§ **Goal of the exercise**: Please reproduce exactly, and only, the line containing "Ferragamo, 1690 Euro." and every line after it to the end of the records below, leaving out all pictures.

§ **Records for processing**:
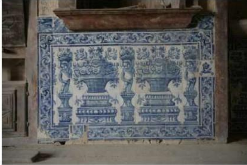
Fig. 446 Azulejaria na antiga sacristia conventual Convento de Nossa Senhora da Conceição, Lagos
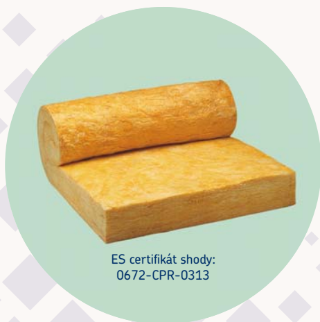
ES certifikát shody: 0672-CPR-0313
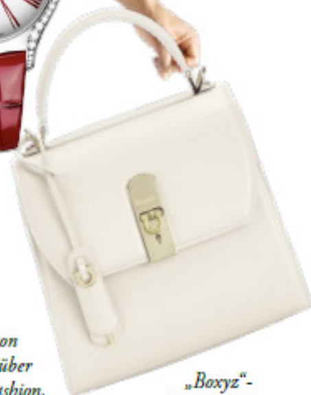
„Boxyz“- Henkeltasche von Salvatore Ferragamo, 1690 Euro.
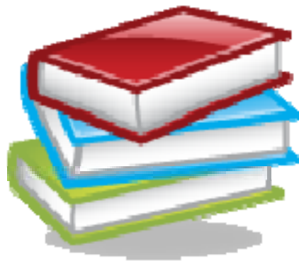
圖 書 編
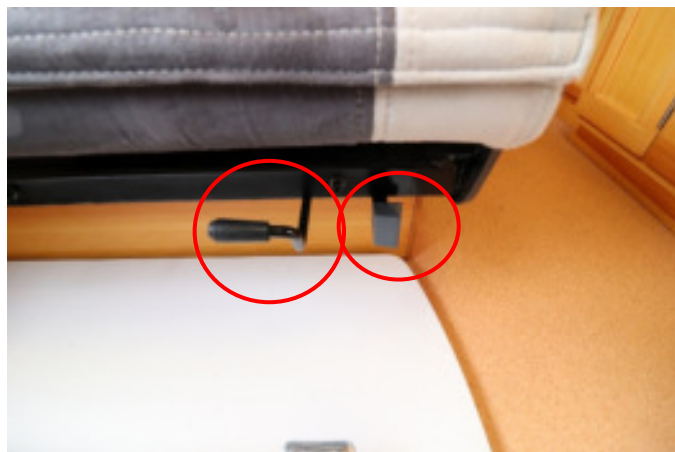
座席下の左のレバーで前後に、右のレバーで左右に動きます

§ **Response to this task**:
„Boxyz“- Henkeltasche von Salvatore Ferragamo, 1690 Euro.
圖 書 編
座席下の左のレバーで前後に、右のレバーで左右に動きます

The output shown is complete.